> EXERCISE AIM
Transcribe all the lines below exactly. Omit the pictures.

++++ GIVEN DATA

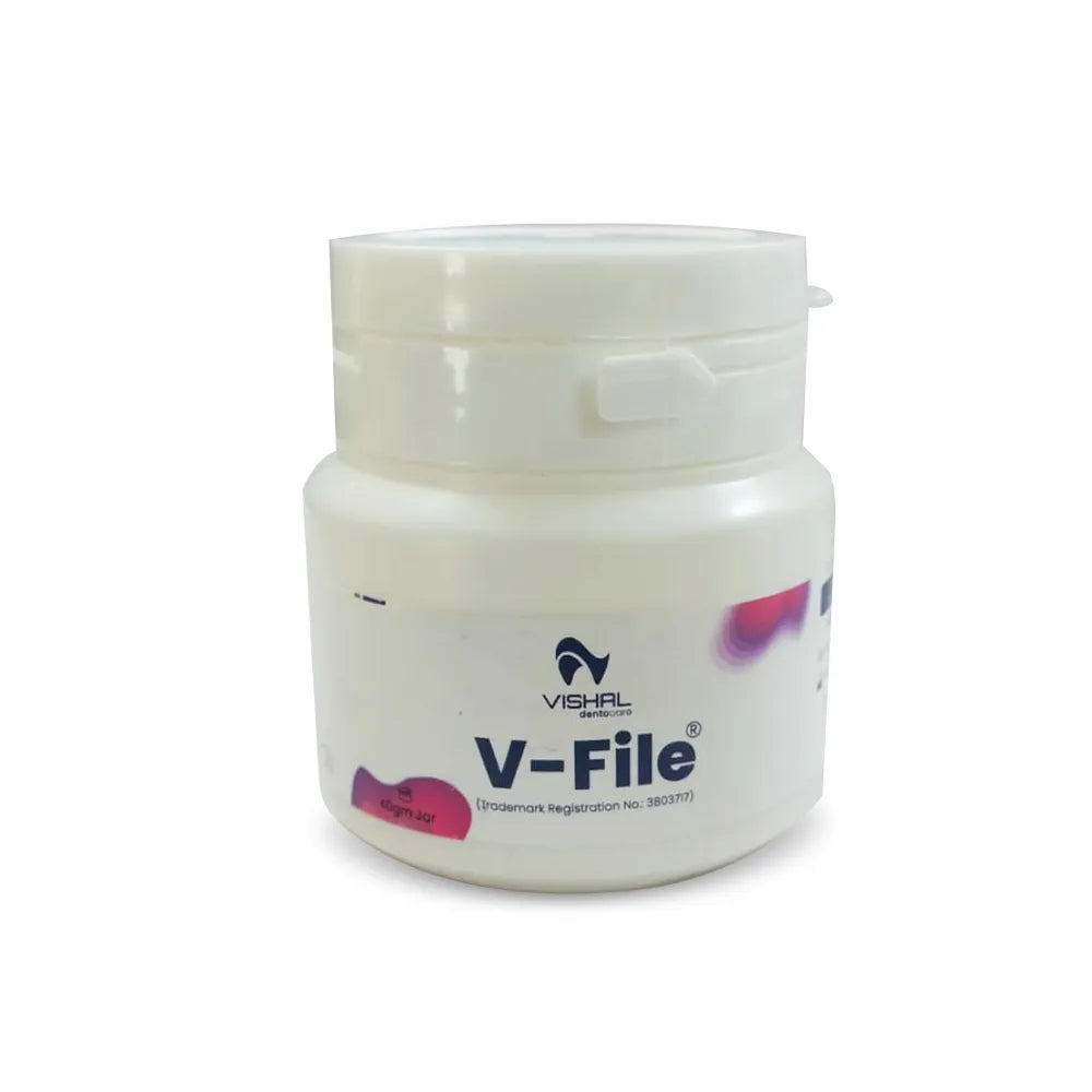 V - File Cream is an effective EDTA, water soluble, Viscous cream for chelating, lubricating, debrising and preparations of root canal. EDTA is bio - friendly material and helps bio - mechanical process by chelating with dentin. Stable formulation will not dry or thicken. Consistency is adjusted, which is easy to dispense and take in the canal with instrument.
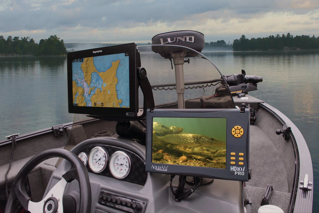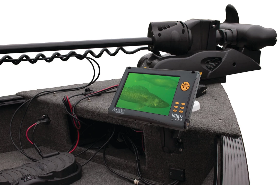 | FREE US SHIPPING-inquire for international postage! New HD10i Pro Gen2 upgrades include full 1080p HD resolution with image-clarifying True-Color technology & battery power saver mode. The most advanced HD underwater camera available today, the Aqua-Vu HD10i Pro equips serious underwater viewers with a dynamic, Super Bright, Daylight Viewable 10-inch LCD engineered with TouchZoom technology for putting big, elusive fish under the microscope. The HD10i Pro system utilizes Aqua-Vu’s modular XD Camera with Quick Attachment System™, plus real-time digital display of Camera Depth, Water Temperature and Direction with a full 125-feet of durable cable. |
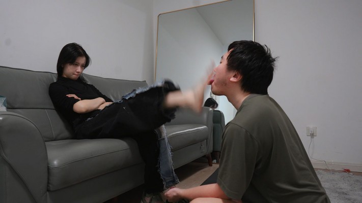 内容:来自舞蹈系北京陌黎女王的史上最狠脚耳光,脚抬到比头还要高的位置然后在两秒内快速砸下来,全部力道都在男奴的脸上发出清脆的爆响,裸足和黑丝都有,不止脚奴的脸要挨打,舌头也没有放过一样用脚扇红为止。

++++++++

> OUTPUT OF THE EXERCISE
 V - File Cream is an effective EDTA, water soluble, Viscous cream for chelating, lubricating, debrising and preparations of root canal. EDTA is bio - friendly material and helps bio - mechanical process by chelating with dentin. Stable formulation will not dry or thicken. Consistency is adjusted, which is easy to dispense and take in the canal with instrument.
 | FREE US SHIPPING-inquire for international postage! New HD10i Pro Gen2 upgrades include full 1080p HD resolution with image-clarifying True-Color technology & battery power saver mode. The most advanced HD underwater camera available today, the Aqua-Vu HD10i Pro equips serious underwater viewers with a dynamic, Super Bright, Daylight Viewable 10-inch LCD engineered with TouchZoom technology for putting big, elusive fish under the microscope. The HD10i Pro system utilizes Aqua-Vu’s modular XD Camera with Quick Attachment System™, plus real-time digital display of Camera Depth, Water Temperature and Direction with a full 125-feet of durable cable. |
 内容:来自舞蹈系北京陌黎女王的史上最狠脚耳光,脚抬到比头还要高的位置然后在两秒内快速砸下来,全部力道都在男奴的脸上发出清脆的爆响,裸足和黑丝都有,不止脚奴的脸要挨打,舌头也没有放过一样用脚扇红为止。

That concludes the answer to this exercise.